Chapter 1: RAG Architecture for Code Agents

Fundamentals

Retrieval-Augmented Generation (RAG) is the practice of grounding a model’s response in external evidence that can be retrieved on demand. For code agents, that evidence is often not just static documentation or code snapshots, but the history of change: diffs, commit messages, review discussions, release notes, and test outcomes. When an agent answers questions about a change, it is effectively doing forensic reasoning. It must locate the most relevant evidence, compress it into a short context window, and then reason over it without inventing facts. This is where RAG matters. It shifts the agent from “guessing what might be true” to “citing what actually changed.”

A change-aware RAG pipeline has four distinct phases: capture, index, retrieve, and compose. Capture turns raw signals (git commits, diffs, PR metadata) into structured change records. Index converts those records into search-ready artifacts such as vectors, keywords, and structured fields. Retrieval finds candidate evidence based on a user query. Composition packages evidence into a compact context packet that the agent can use. The failure mode is obvious: if retrieval fails, the answer is wrong. This makes retrieval quality and provenance non-negotiable. The most important mindset shift is that the RAG system is a memory system with strict rules about how memory is created, stored, and recalled.

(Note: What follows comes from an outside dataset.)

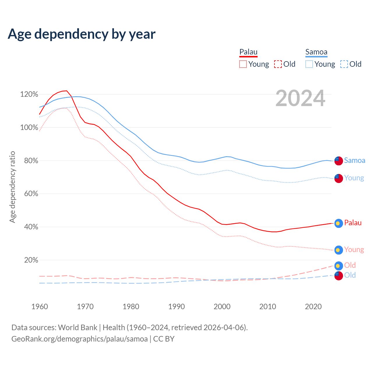 - The share of old-age demographic (65+) in Palau is 11.3% vs 5.88% in Samoa.
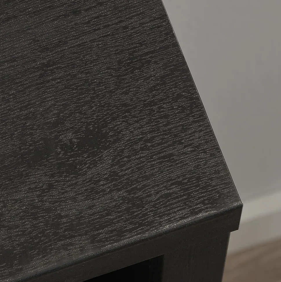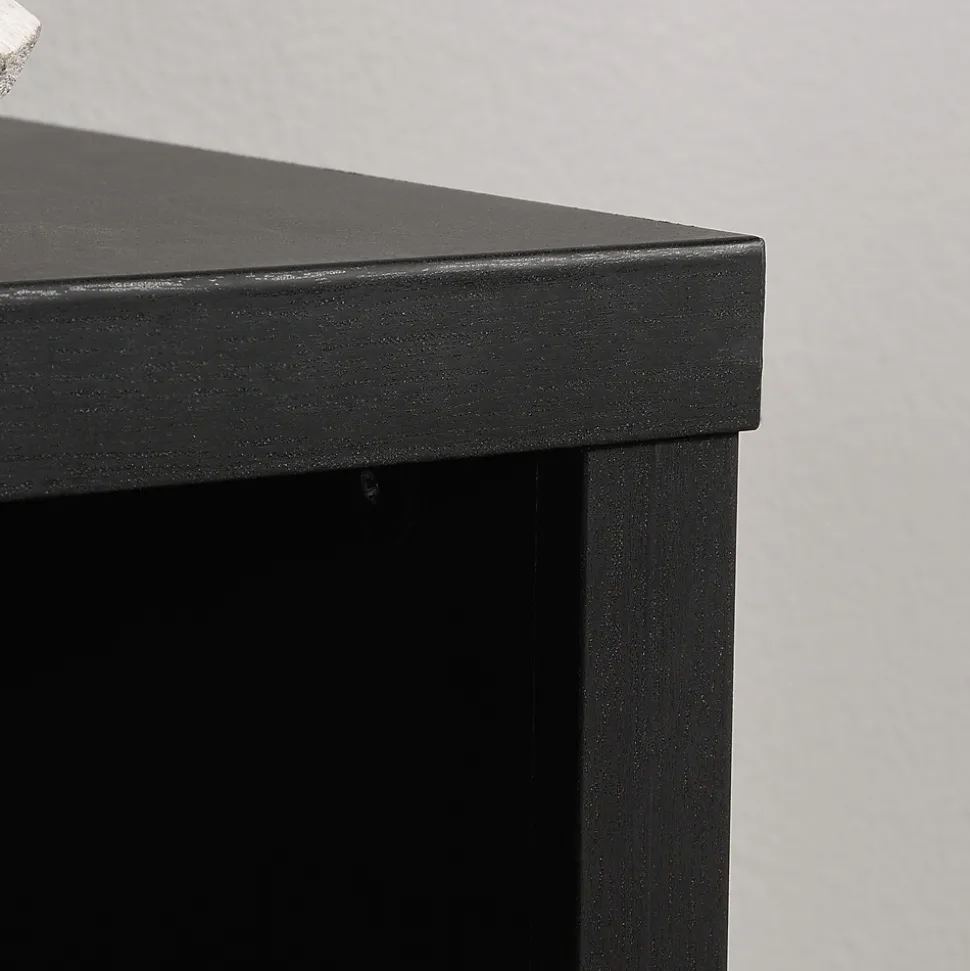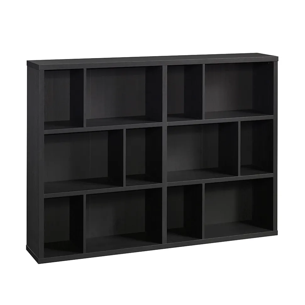 Out with the old design of bookcases. Wave hello to the modern design of this cubby bookcase from the Sauder Select collection. This display bookcase cubby is both strong and lightweight. With thick 1” and 1 ¼” panel construction, this storage unit is easy to move around your home but sturdy and bold enough to hold whatever you choose to display on it. This modular cube storage unit catches the eye: different sized and shaped cubby holes allow freedom to design and customize this storage solution to your liking. The assorted sized cubbies accommodate home décor items of various widths, or tall coffee table books as well as small paperback novels. Small organizing baskets can be used to transform this open storage unit into pockets of hideaway storage. Finished in a dark Raven Oak, your living room, bedroom, den or even foyer will be the talk of the town—or, at least you won’t be able to stop talking about it.

For code agents, context is expensive and bounded. The agent can only “see” a slice of the evidence. This makes packaging critical. You are not dumping raw diffs; you are curating an evidence bundle. The bundle should include a small number of change chunks, each with metadata (commit, author, time, file, rationale), plus a short summary that explains why each chunk is relevant. This introduces a second discipline: evidence design. You are building an interface between a retrieval system and a reasoning system. If the interface is noisy, the agent will be noisy. If it is precise, the agent can be precise.

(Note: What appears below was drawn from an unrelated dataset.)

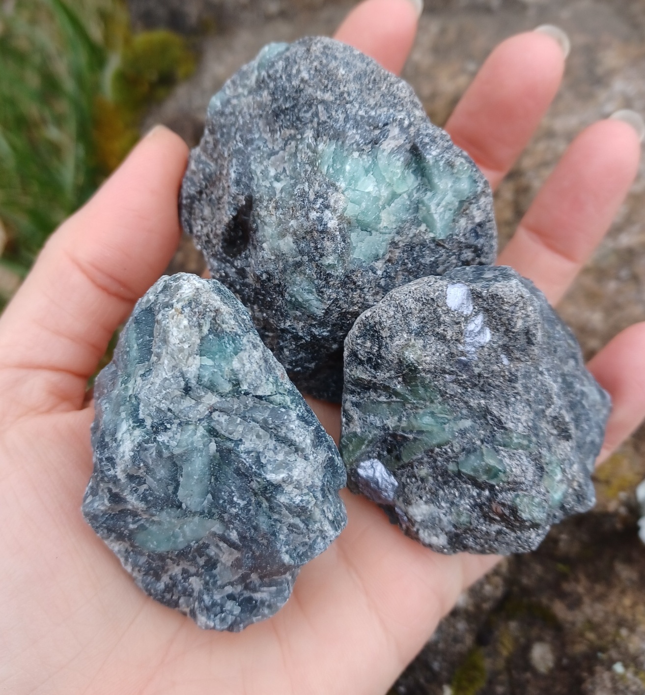 Krystaly smaragdu v hornině, náhodně vybraný surový kámen o velikost 3-5 cm a hmotnosti minimálně 35g.

RAG for code changes also involves temporal reasoning. Some questions care about the most recent change, others about a change window (“when did we first add feature X?”), and others about causal chains (“what change introduced this bug and what fixed it?”). The RAG pipeline must respect time, not just semantic similarity. This means every change record needs a timestamp and a lineage to the main branch history.

Finally, RAG for code agents must cope with ambiguity. A question like “Why was caching removed?” could refer to multiple subsystems. The pipeline must detect ambiguity and either retrieve diverse candidates or ask clarifying questions. This makes query understanding part of retrieval. A robust RAG pipeline includes a query router: it decides which signals to use (diff text, commit message, PR summary, tests) and how to weight them.

Deep Dive

At a deep level, RAG is a system that mediates between parametric memory (what the model learned during training) and non-parametric memory (what your pipeline stores and retrieves). Code agents already know general programming knowledge, but they do not know your repository’s recent changes unless you provide them. The RAG system is the bridge. For change-aware RAG, your data is extremely high variance: some commits are trivial, some are architectural. Some diffs are noisy (reformatting), some are high-signal (behavior change). A robust architecture treats each change as a first-class entity with its own structure and metadata. That structure then becomes the basis for retrieval and ranking.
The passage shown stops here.